SUPPLIED MATERIAL:
+++
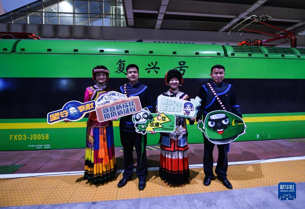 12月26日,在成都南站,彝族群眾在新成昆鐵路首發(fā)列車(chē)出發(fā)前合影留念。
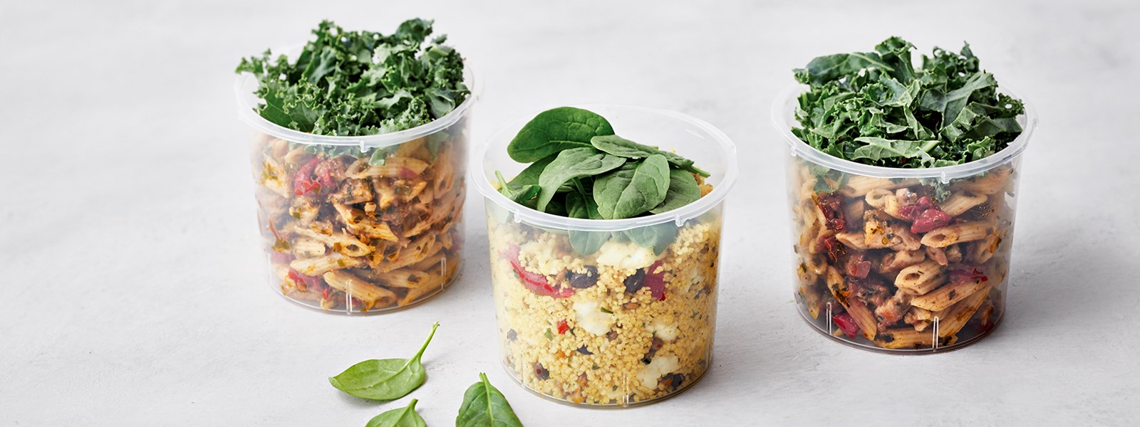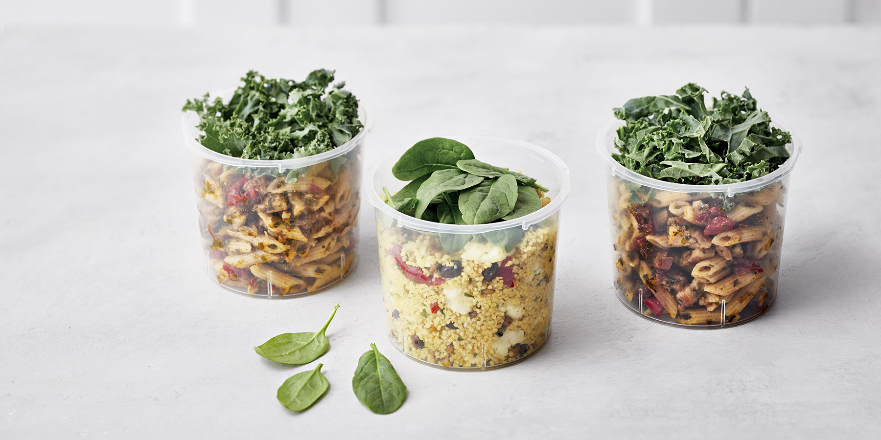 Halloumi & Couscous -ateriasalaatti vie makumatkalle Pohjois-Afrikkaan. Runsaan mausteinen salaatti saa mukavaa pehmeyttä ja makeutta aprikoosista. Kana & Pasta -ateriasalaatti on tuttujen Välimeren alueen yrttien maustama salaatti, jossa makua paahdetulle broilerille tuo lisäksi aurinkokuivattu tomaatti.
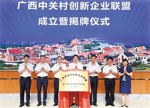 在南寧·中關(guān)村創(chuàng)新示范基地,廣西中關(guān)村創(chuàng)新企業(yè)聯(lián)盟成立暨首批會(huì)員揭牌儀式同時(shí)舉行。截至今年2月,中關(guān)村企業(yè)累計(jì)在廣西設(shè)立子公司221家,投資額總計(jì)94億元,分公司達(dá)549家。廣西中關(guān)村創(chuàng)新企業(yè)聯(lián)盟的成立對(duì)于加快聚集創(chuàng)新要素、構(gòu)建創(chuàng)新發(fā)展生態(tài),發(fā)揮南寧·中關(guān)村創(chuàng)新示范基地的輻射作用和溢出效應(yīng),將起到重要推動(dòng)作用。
+++
TASK OBJECTIVE: The lines from the beginning of the listing above through the line holding "Halloumi & Couscous" are to be duplicated exactly, and the pictures omitted.

EXERCISE SOLUTION:
 12月26日,在成都南站,彝族群眾在新成昆鐵路首發(fā)列車(chē)出發(fā)前合影留念。
 Halloumi & Couscous -ateriasalaatti vie makumatkalle Pohjois-Afrikkaan. Runsaan mausteinen salaatti saa mukavaa pehmeyttä ja makeutta aprikoosista. Kana & Pasta -ateriasalaatti on tuttujen Välimeren alueen yrttien maustama salaatti, jossa makua paahdetulle broilerille tuo lisäksi aurinkokuivattu tomaatti.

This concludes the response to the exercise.